“I will watch for you before dawn, that I may see your strength, O Lord.”
This is among today’s prayers in The Benedictine Handbook, a prayer specifically for the Lenten season. And a prayer that’s very “Benedictine,” since the monks are always watching for God before dawn. Benedict set down his Rule for the monastic order in the 6th century, he called for a prayer time, ahhh, you know, halfway through their night of sleep (midnight, to be exact…the 6th century occurred before any studies on the importance of the REM cycle). Thankfully for modern day monks, Benedict was pretty flexible about when services should take place so, for the most part, morning Vigils occur around 5:30 or 6 am these days. So, unless you’re superhuman like my mother, who has been rising at 5 every morning for the past 30 years (in order to accomplish what it takes me half a day to do before she gets to work), 5:30 or 6 is still pretty early for a daily prayer time.
In my attempt to “follow” Benedict’s Rule as a stay at home mom that means I’m attempting to wake at 6. This morning it was 6:15 after a week of hearing my alarm at 6:05 and sleeping until 6:30. (I have a problem.)
And, you see, I can’t stay in bed all cozy and snuggled up to my hunk of a husband, without hearing my new friend Benedict in my head, pleading in all earnestness: “All should be prepared to rise immediately without any delay as soon as the signal to get up is given; then they should hurry to see who can get first to the oratory for the work of God” (RB, Chapter 22).

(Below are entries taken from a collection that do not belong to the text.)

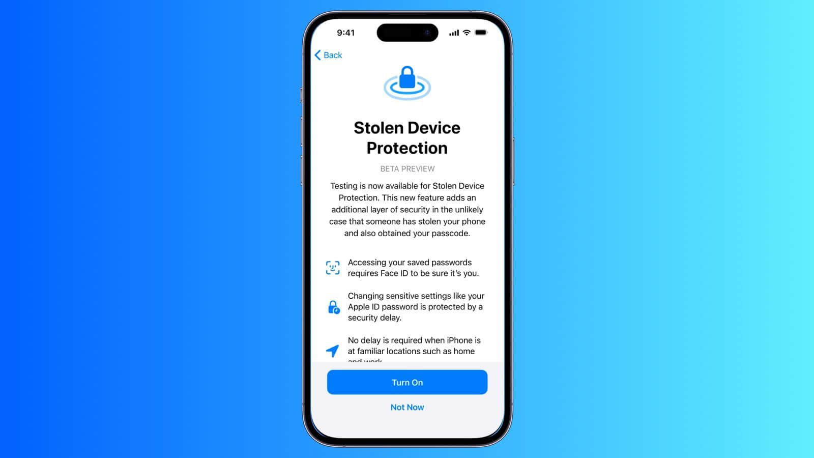 对于特别敏感的操作,包括更改与 iPhone 关联的 Apple ID 帐户的密码,该功能在生物识别身份验证的基础上增加了安全延迟。在这些情况下,用户必须使用 Face ID 或 Touch ID 进行身份验证,等待一小时,然后再次使用 Face ID 或 Touch ID 进行身份验证。不过,苹果表示,当 iPhone 位于熟悉的地点(例如家里或工作场所)时,不会出现延迟。
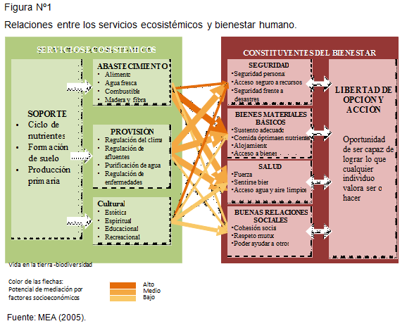 La Evaluación de Ecosistemas del Milenio (MEA, 2005) definió cinco determinantes del bienestar humano: seguridad, salud, relaciones sociales, bienes materiales básicos, libertad de elección y acción. Además, sus autores establecieron semi-cuantitativamente las relaciones entre estos y los SE de provisión, regulación y culturales (Figura 1).
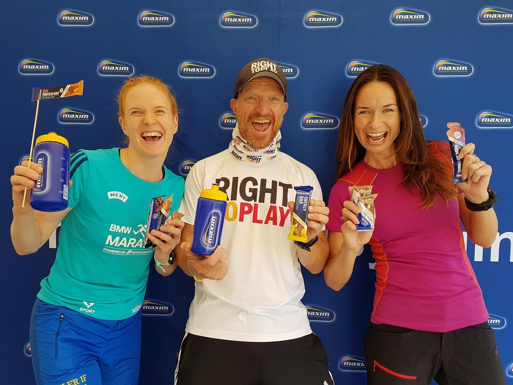 Tre engasjerte ambassadører tar jobben for Oslo Maraton veldig seriøst ;) Aktiv reklamering for en av sponsorene Maxim. Veldig kjekt å treffe disse positive personene «live». Fra venstre; Abelone, Stig og meg.
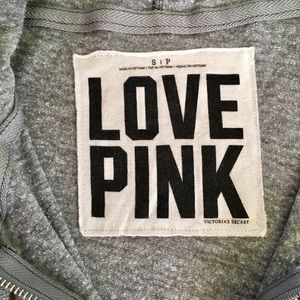 Gently worn full zip sweatshirt by Pink VS. Item has one flaw, small imperfection as seen in last image. Item has been reduced appropriately. This sweatshirt is super comfy and stretchy! Fits a small to medium size. Questions and offers welcomed! 😊

Benedict is a really sweet guy. And he’s so sure that I can actually rise without delay. I’ve committed myself to applying his monk rules to my life for one year and I’m kind of annoyed that this is the advice that’s hardest for me to follow. So, last night, I did what monks since the sixth century have been doing: I set the alarm on my phone in addition to the one playing music near my head and I placed that phone across the room.
Last night, while brushing our teeth and discussing my new two-alarm strategy, my husband said, “I need your help.” He said this a little gurgly through a barrier of toothpaste foam, but I understood him. “At 6:30, will you turn on the light, come over to my side of the bed, pull the covers off me and force me to sit up?”
Benedict doesn’t exactly say that a brother should pull the covers off his still snoozing elder. Technically he’s hoping said brother will “quietly give encouragement.” And, technically, Chris is not my elder. I’m proud to be a grade smarter than the man. But the quiet encouragement thing is something I could learn. Usually, I’m sitting across the room drinking coffee, barking, “Are you still not up yet?” every five minutes.
So, here I am, one hour later, having made it through two cups of espresso (are monks allowed strong coffee during vigils?), celebrating the fact that it’s 7:19 and my son has not woken up yet and thankful that my new discipline is allowing me time to participate in what Benedict calls “the work of God,” because, let’s face it, prayer is work. It’s hard to sit alone and set your mind on Christ. It’s difficult to let the first words out your mouth be: “O Lord open my lips and my mouth will declare your praise.”
So, I’m writing on my couch, still robed in my pjs, thankful for the chance to watch for God before dawn. Thankful that I’m entering this day having been reminded that God’s strength is worth looking for.